興福寺、眼鏡橋&長崎銀行本店〜長崎県長崎市〜
  Kofuku-ji (Buddhism temple) and Megane Bridge in Nagasaki City , Nagasaki Prefecture


 東明山興福寺は、日本初の黄檗宗(おうばくしゅう)の寺院。元々は1620(元和9)年に長崎と中国(明)を行き来する明の商人が航海安全を祈願して建てた小庵が起源と言われます。そして1654(承応3)年に、中国の高僧であった隠元禅師が長崎へ渡来し、興福寺住職として滞在。ここで、日本における黄檗宗の開祖となりました。

 現在、境内に残る建物の殆どは古建築で、その中心となる大雄宝殿は国指定重要文化財。黄檗宗は禅宗の一派なのですが、日本に合った形に姿を変えた臨済宗や曹洞宗と異なり、明の時代の様式を今に伝えているため、中国風のエキゾチックな建築群が見所です。

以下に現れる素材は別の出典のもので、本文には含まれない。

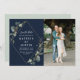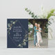 geometrischer Rahmen Design Aquarell Handgemalt eucalyptus foliage grün und ein Foto des Paares. Die Farbe und die Textdetails können personalisiert sein.
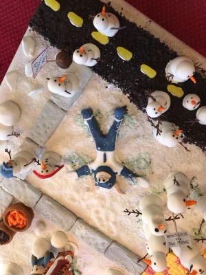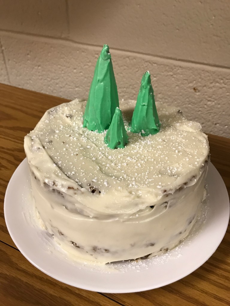 I decided to bake something from the Great British Bake off finale- a carrot cake. My pans ended up being too small and the batter overflowed into a huge mess! Luckily, I had the foresight to put a cookie sheet under the pans. My decorating wasn’t as good as I’d hoped, but the cake did end up tasting delicious.

 また、近くにある日本最古の石橋である眼鏡橋を架設したのは、興福寺の第2代默子如定(もくすにょじょう)禅師。さらに眼鏡橋の近くにある近代建築、長崎銀行本店の3つをご紹介したいと思います。
(解説&撮影:裏辺金好)  

▼MAP

▼アクセス
長崎電気軌道公会堂前電停より徒歩

▼関連サイト
東明山興福寺公式サイト



山門 【長崎県有形文化財】
1690(元禄3)年築。初代の門が長崎大火で焼失したために再建したもので、
和風様式を基調にしながら赤色に塗られているのが特徴。


大雄宝殿 【国指定重要文化財】
1883(明治16)年築。本堂を大雄宝殿と呼ぶのは釈迦(大雄)を本尊として祀ることに由来します。


大雄宝殿 【国指定重要文化財】
外観は中国風。丸い窓など独特な形状です。


大雄宝殿 【国指定重要文化財】


鐘鼓楼 【長崎県有形文化財】
1691(元禄4)年築。1730(享保15)年に日本人棟梁が修築したのをはじめ、度々修築。


三江会所門 【長崎県有形文化財】
 三江とは中国の江南、浙江、江西のこと。1868(明治元)年に三江出身の中国人たちが、三江出身者の霊をまつる三江祠堂、次いで明治13年に三江会所という集会所を興福寺内に建てましたが、原爆により大破し、現在は門が残るのみです。


三江会所門 【長崎県有形文化財】

三江会所門内部にて「唐人さんの寝棺」
往時の中国人社会では生前に自分達の棺桶を用意して、寝室に立てかけておくのが慣わしでした。

中島聖堂遺構大学門 【長崎県有形文化財】
長崎聖堂(通称・中島聖堂)は東京の湯島聖堂、佐賀県の多久聖堂と並んで、日本三聖堂のひとつだったもの。
明治初年に廃滅し、門は1959(昭和34)年にここに移築されました。

旧唐人屋敷門 【国指定重要文化財】
建築年代は不明(1784年以降か)。現存する唯一の唐人屋敷の遺構。

寺町の様子
この周辺は寺が多く、寺町と呼ばれています。

深祟寺

眼鏡橋 【国指定重要文化財】
1634(寛永11)年、興福寺の2代目住職、黙子如定(もくすにょじょう)が架けたもので日本初の石造りアーチ橋。
度々水害に見舞われ破損しますが、そのたびに修復されてきました。


眼鏡橋 【国指定重要文化財】

旧・長崎無尽(現・長崎銀行本店)
1924(大正13)年築。眼鏡橋から真っ直ぐ、長崎電気軌道の線路沿いに歩くと現れる銀行建築です。